Corbeil-Essonnes () on the River Seine is a commune in the southern suburbs of Paris, France. It is located  from the center of Paris.

Although neighboring Évry is the official seat of the Arrondissement of Évry, the sub-prefecture building and administration are located inside the commune of Corbeil-Essonnes.

History
Traces of human presence in the area date to the Palaeolithic and Neolithic ages; later it was a Gallo-Roman settlement on the main road from Paris to Sens. The name Corbeil is derived from the Latin Corbulium, from the Gaulish cor beel, meaning "holy house". Since the time of Aymon, comte de Corbeil (died 957), to the 12th century it was the chief town of a powerful county, which passed to Mauger, son of Richard I of Normandy.

William de Corbeil (died 1136) became archbishop of Canterbury, but nothing is known for certain about his parentage. The Gothic church was built in the tenth century and rebuilt in the fifteenth century.  Before the expulsion of the Jews Corbeil had a flourishing Jewish community, which numbered thirteenth-century scholars Isaac ben Joseph of Corbeil and  Perez ben Elijah. Peter of Corbeil (died 1222) was the teacher of Lotario de' Conti, who became pope as Innocent III.

Representatives of the king of France signed two treaties of Corbeil in the town, the Treaty of Corbeil (1258) between France and Aragon and the Treaty of Corbeil (1326) between France and Scotland.
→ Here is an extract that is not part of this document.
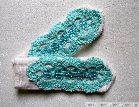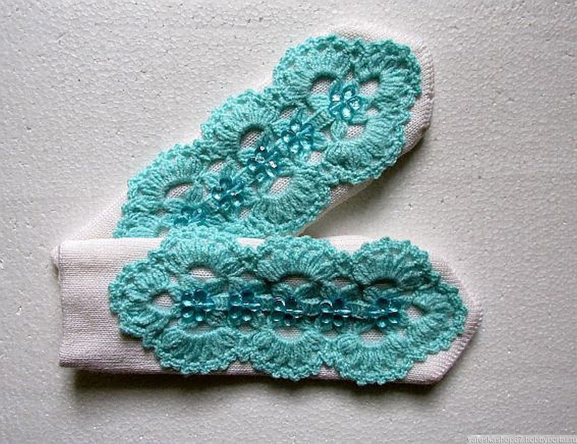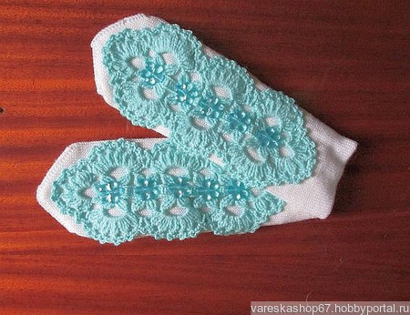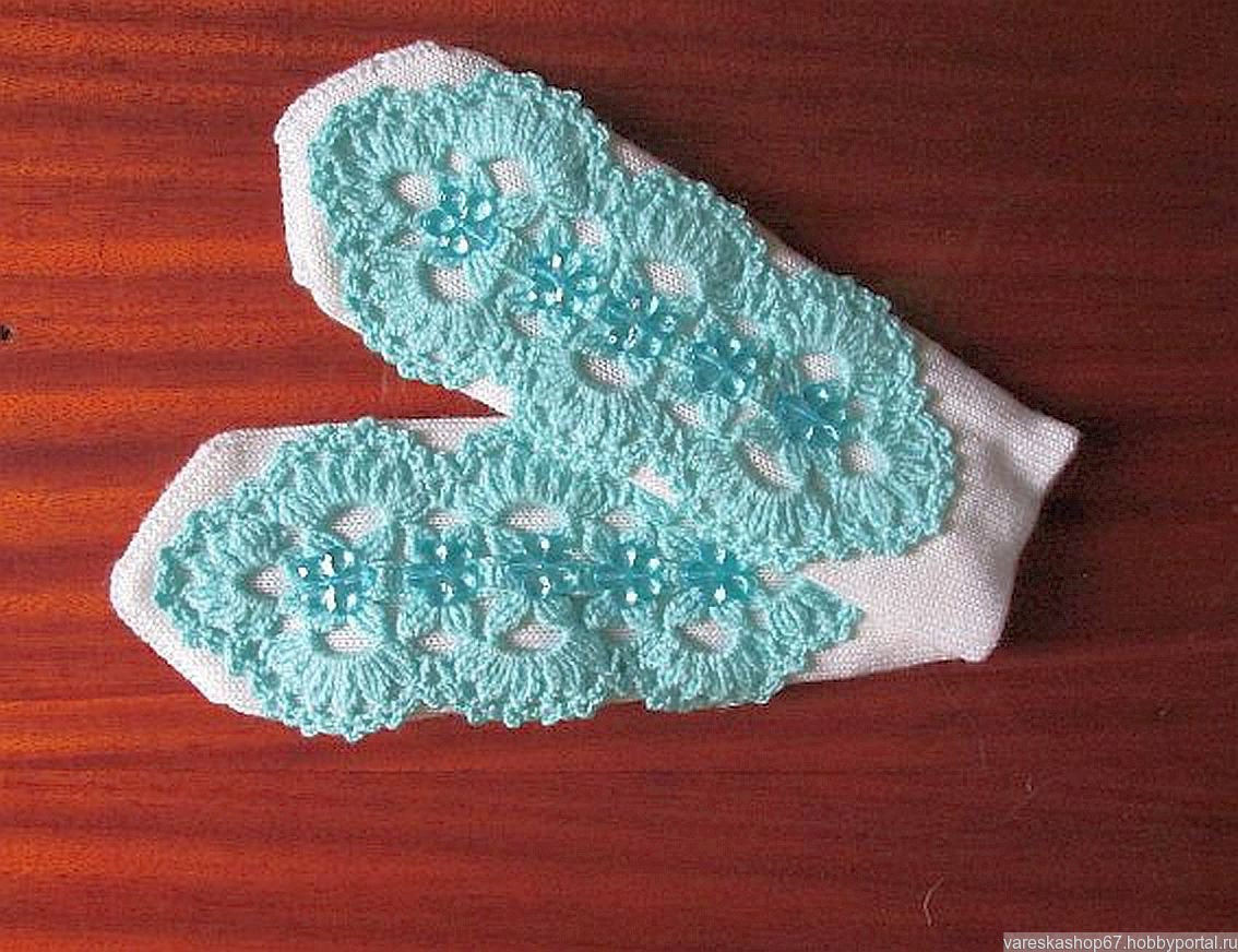 Варежки двойные машинной вязки. Украшены кружевным мотивом, связанным крючком с бусинами. Великолепный зимний кружевной узор. Оденьте свои руки такой красотой! Порадуйте себя и любимых!

Corbeil was besieged by the Duke of Burgundy in 1418.  The Protestants of France attacked it in 1562 amidst the religious war called the First Civil War. In 1590 General Alessandro Farnese, who had come to the assistance of the Catholics in France, fought at Corbeil.

The composer Camille Saint-Saëns lived in Corbeil for some years of his youth.

The commune of Corbeil-Essonnes was created on 10 August 1951 by the merger of the commune of Corbeil with the commune of Essonnes. The commune town hall (mairie) is located in Corbeil.

Inhabitants of Corbeil-Essonnes are known as Corbeil-Essonnois.

Population

The population data given in the table and graph below for 1946 and earlier refer to the former commune of Corbeil.

Economy

In the 19th century, Corbeil-Essonnes was a centre of the flour-milling industry. Essonnes also had notable papermills.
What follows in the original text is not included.